My 2010 ornamental chili peppers
Growing chili peppers
October 18, 2010
The ornamental chili plants begin to lose their leaves: I hope they will last until Christmas, like the last year winter chilies but it's definitely time for a review.
Certainly the most fascinating is the Rain forest tricolor, with purple and green and pods that ripen in amazing variegated stripes of green, yellow, orange and red.
I love the Ecuadorian Purple too, round black pods that ripen from black to bright red, in sharp contrast with the black leaves.
The best plant is the Black Frida: a large shrub, very productive, with many fruits that ripen from black to orange. The summer peppers are drying on the plant, but several new black pods have already born.
The Peruvian Purple is an ornamental, dark plant, with pods that ripen from black to red.
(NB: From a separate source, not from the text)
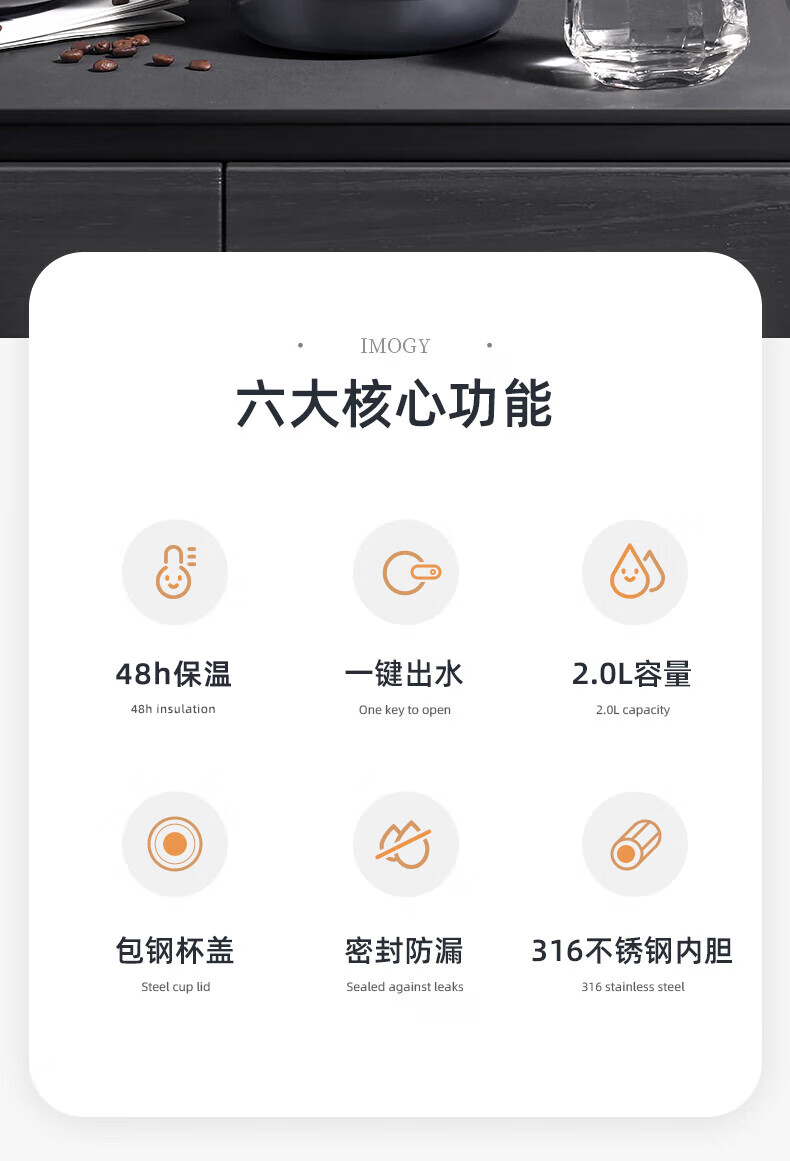 艾曼格(IMOGY)德国艾曼格保温壶家用保温水壶暖壶大容量热水壶316L不锈钢保暖瓶

The Fluorescent Purple is a plant that resisted the previous winter, with pods that ripen from purple to red. The name Fluorescent is well deserved because of its amazing purple variegated leaves.
The Cat's Claw pods ripen from green to red.
The Bolivian Rainbow pods ripen from yellow-purple to orange and finally to red, creating a rainbow of colors.
I had to wait for the Black Pearl this year, a plant with black leaves and round black pods, but is still among the most beautiful plants.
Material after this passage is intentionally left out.